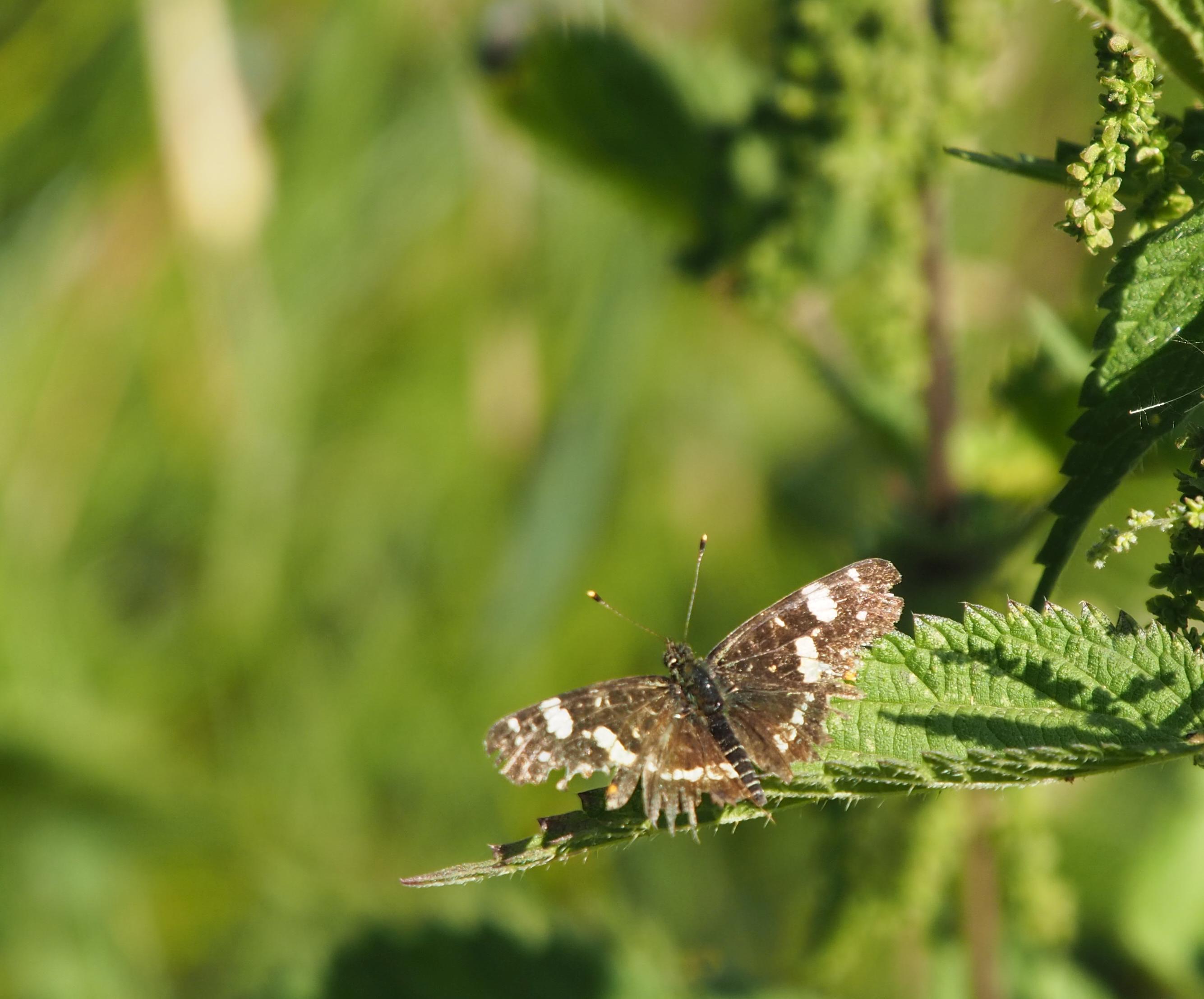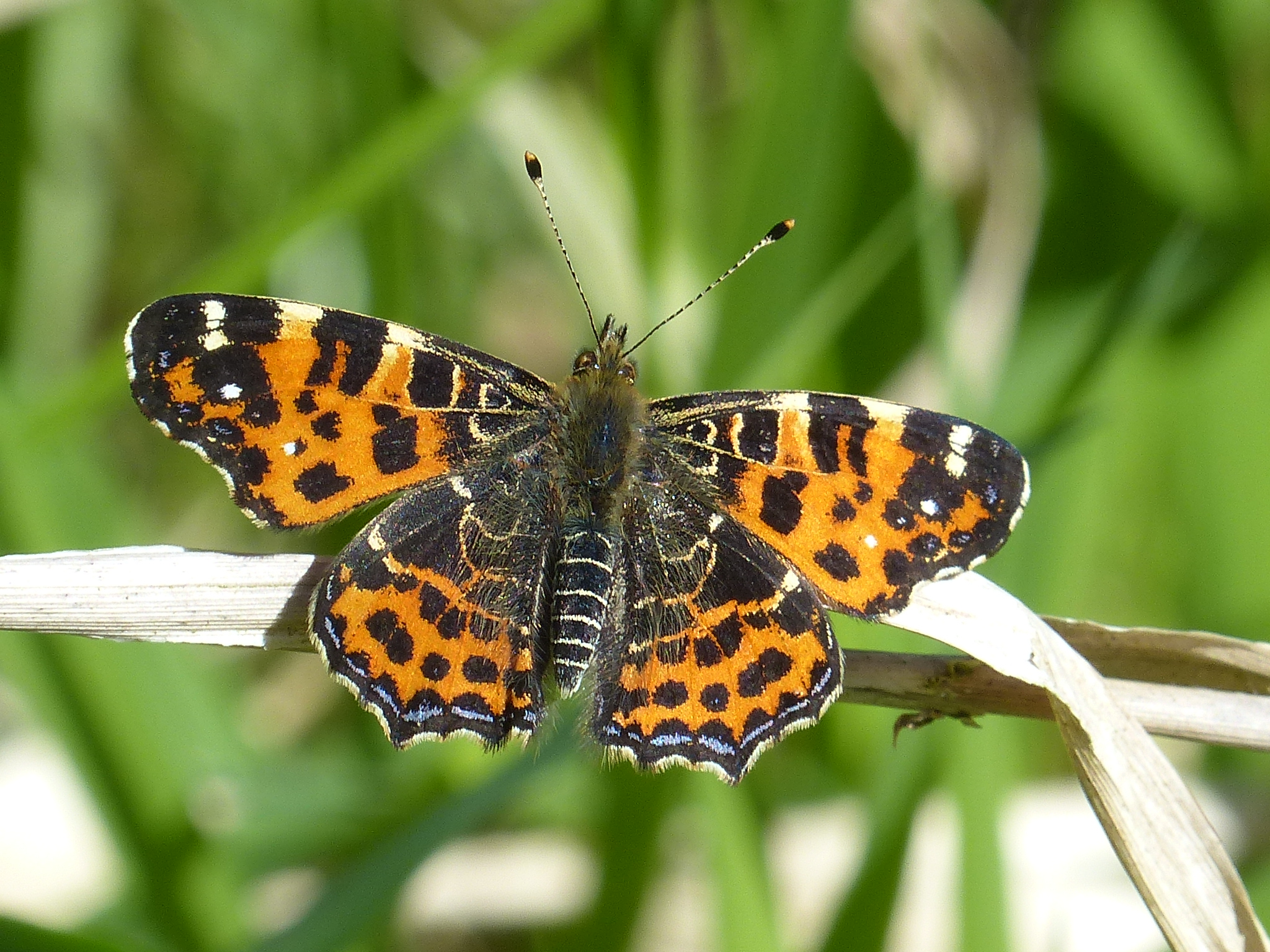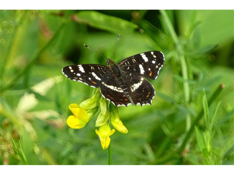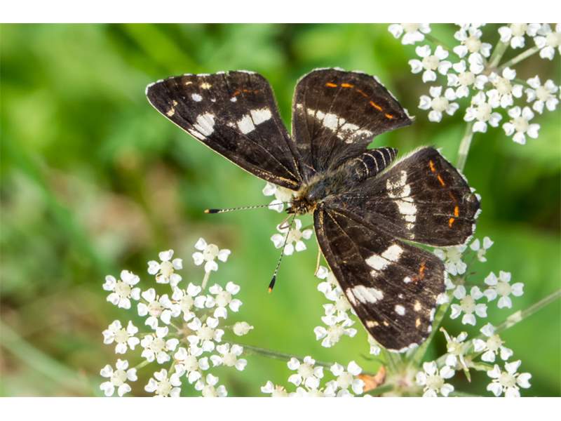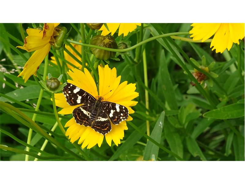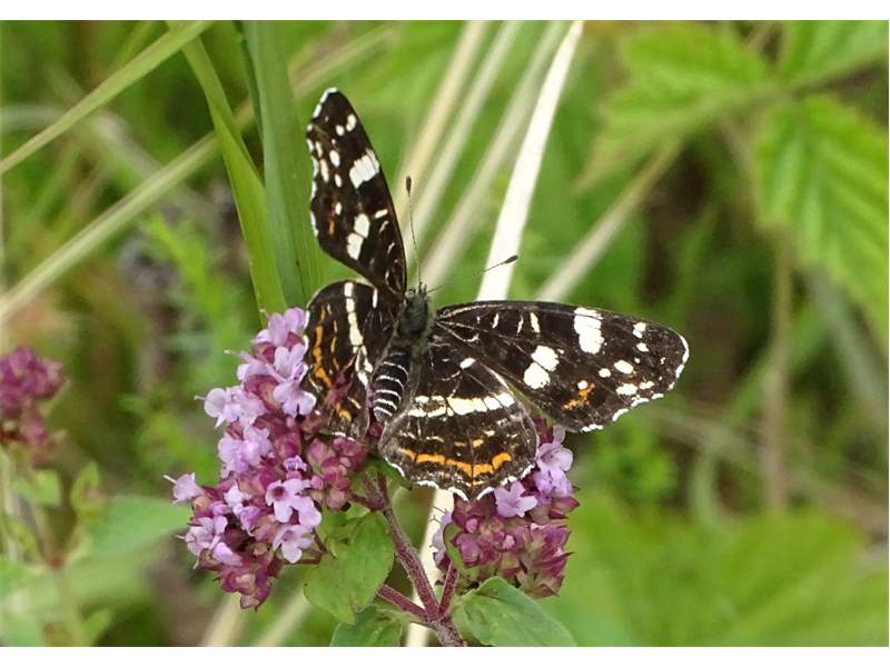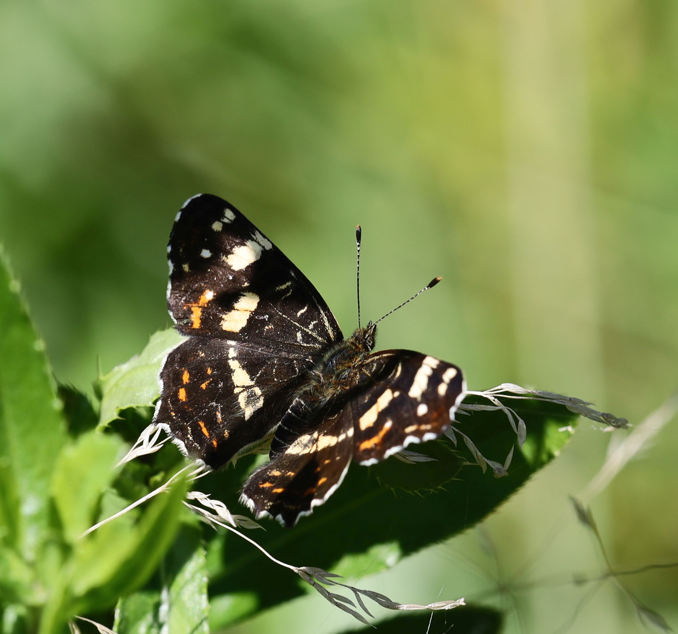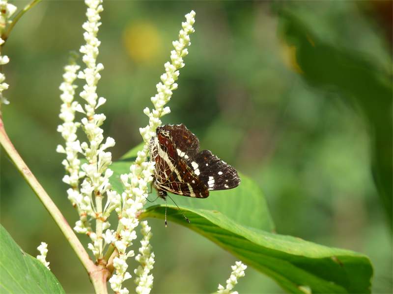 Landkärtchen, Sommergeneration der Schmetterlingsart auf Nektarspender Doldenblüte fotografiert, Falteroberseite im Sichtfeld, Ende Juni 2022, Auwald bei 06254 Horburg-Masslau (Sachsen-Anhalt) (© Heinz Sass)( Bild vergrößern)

--

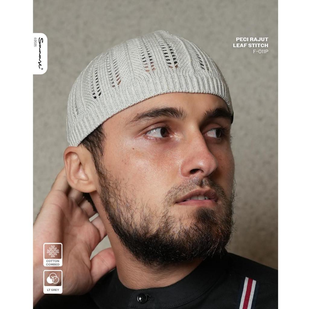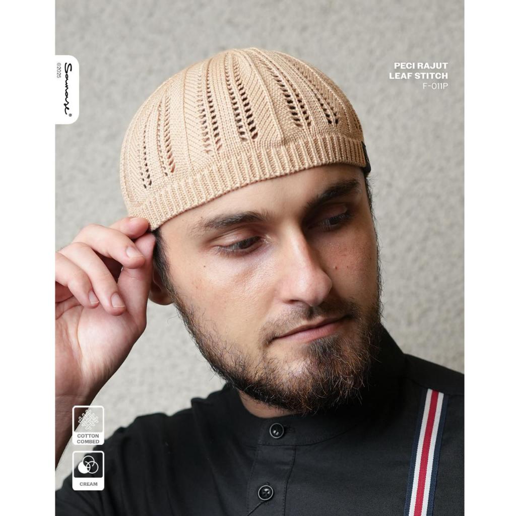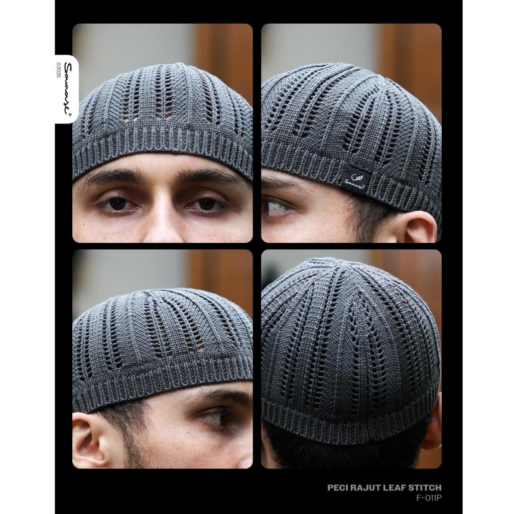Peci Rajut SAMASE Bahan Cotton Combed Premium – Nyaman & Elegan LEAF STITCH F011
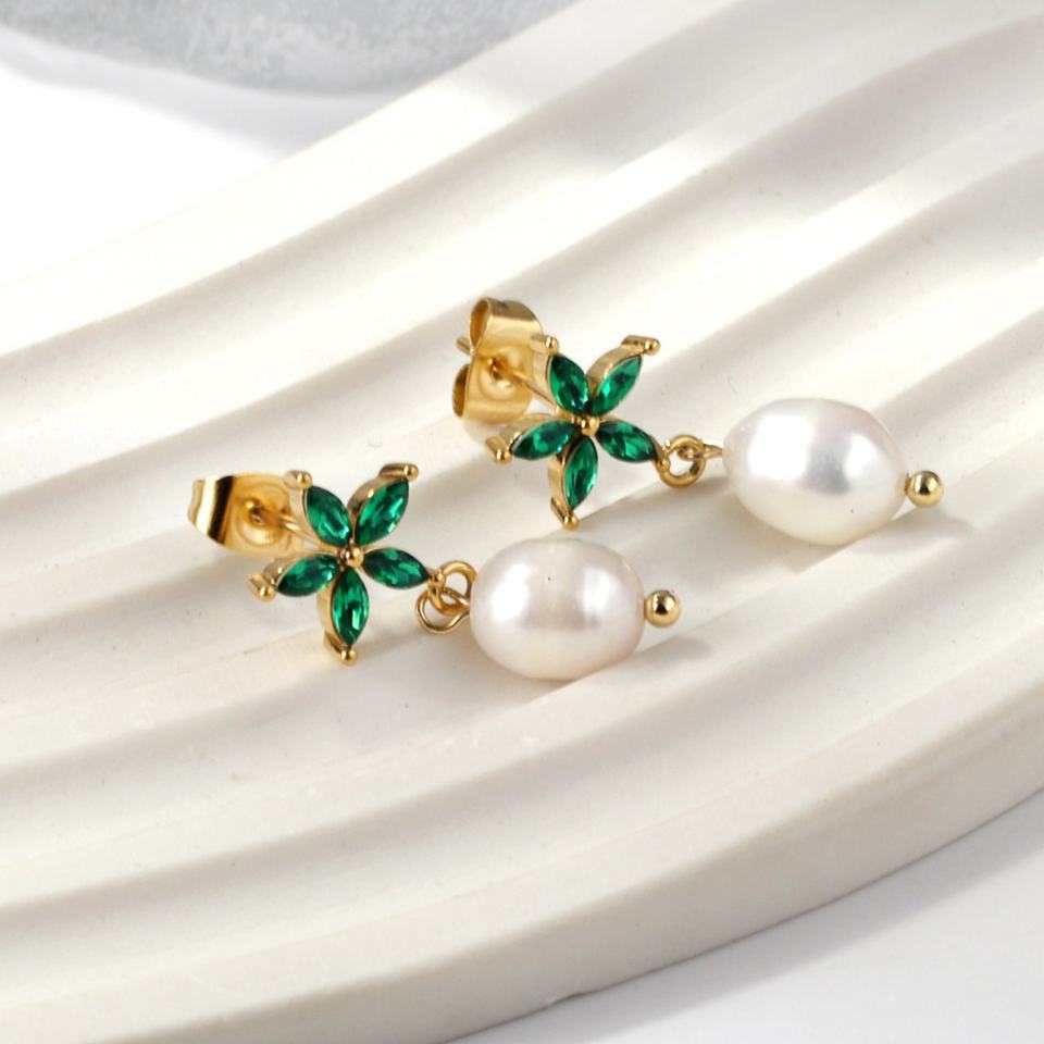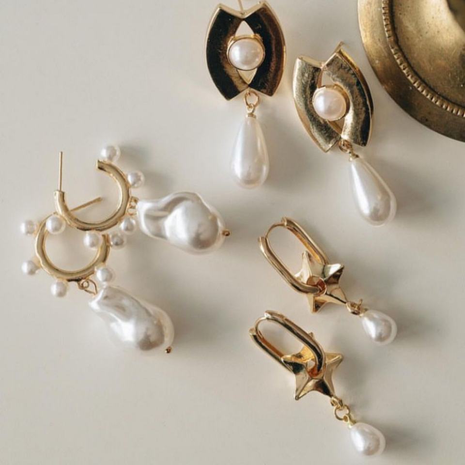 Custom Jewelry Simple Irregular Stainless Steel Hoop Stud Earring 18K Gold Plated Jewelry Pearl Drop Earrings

REQUIREMENT
Line for line, output the entries above from the line with "Peci Rajut SAMASE" to the line with "Custom Jewelry Simple", both included, and nothing more. Skip pictures.

WORKED SOLUTION
Peci Rajut SAMASE Bahan Cotton Combed Premium – Nyaman & Elegan LEAF STITCH F011
 Custom Jewelry Simple Irregular Stainless Steel Hoop Stud Earring 18K Gold Plated Jewelry Pearl Drop Earrings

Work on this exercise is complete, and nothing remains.